There’d be no bottom to this piece, no key to the “real” Augie, no problems solved, no pseudo-urbane assembly of Augie in legible and transparent form on the page. Rather, readers would find themselves in the same position as the writer — perplexed, fascinated, engaged, and sometimes repelled by August Vanags — just as aware of their own shortcomings as she was of hers, aware that facets and surfaces were just facets and surfaces, and that, like the writer, they must not conclude.
For these inconclusive times, it would be a topically inconclusive piece, and the most ambitious thing Lucy had ever tried to write. Augie wouldn’t be hurt by it; she’d make him laugh at himself when he wasn’t laughing at her. The visits and kayaking lessons would continue — maybe even through the writing of the piece — and their growing friendship would not be damaged. Yet she’d tell the truth. Most of all, she’d tell the truth about journalism, which was that ninety percent of the time there was no real truth to tell.
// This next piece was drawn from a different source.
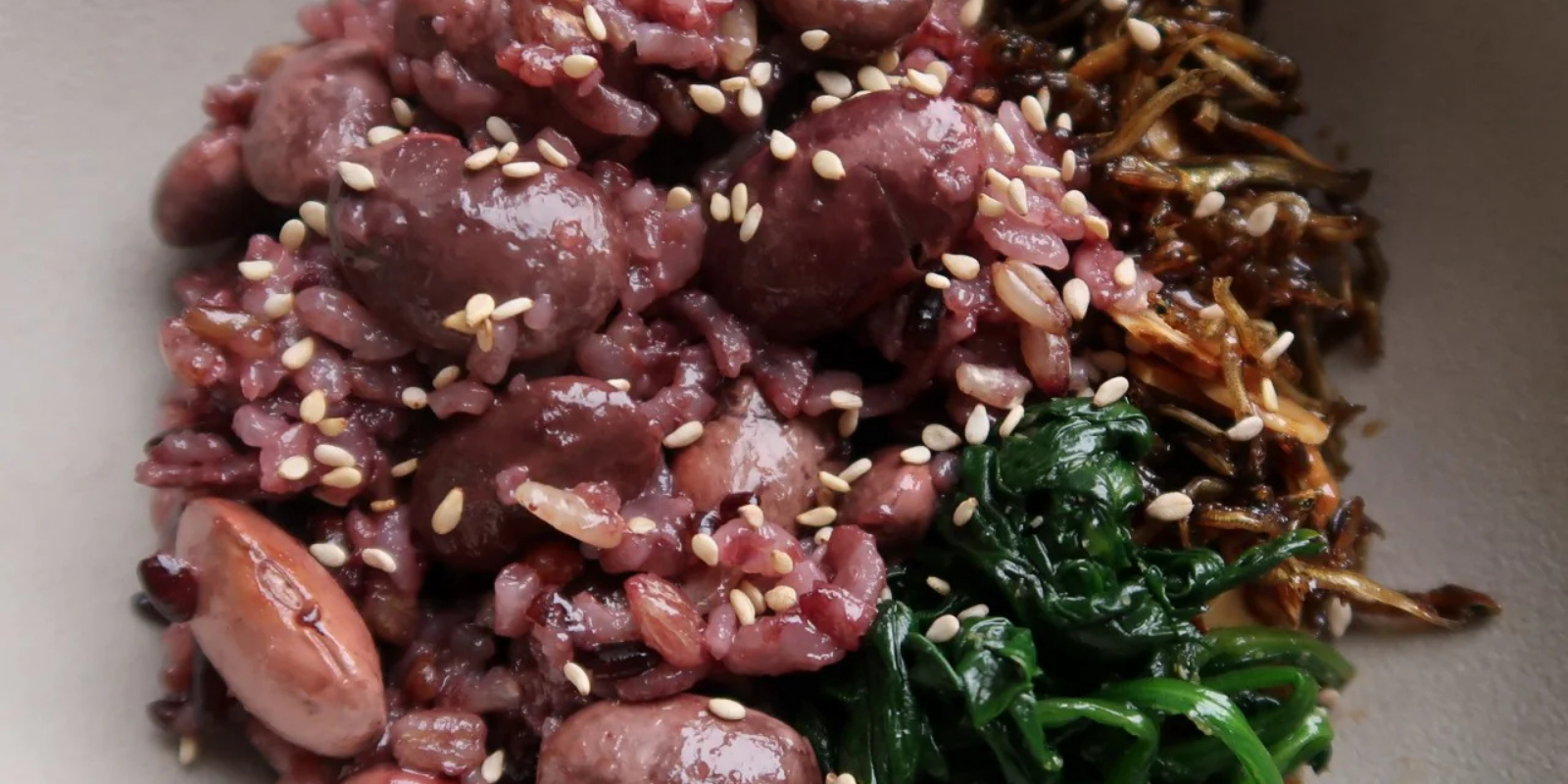 Korean rice and beans with Ayocote Morado, three rice varieties, and sesame. Summer staple by Alex. Satisfying without being heavy. Perfect leftovers.

When the Union Street exit came up, Lucy was out of breath with her windfall cascade of ideas. She wanted to get a rough outline of the article down on paper before it slipped from the present and became something she had to ransack her bad memory for. Entering the apartment, she ignored the red flashes on her answering machine and went straight to her desk, notebook in hand. She’d never felt more certain of what needed to be done.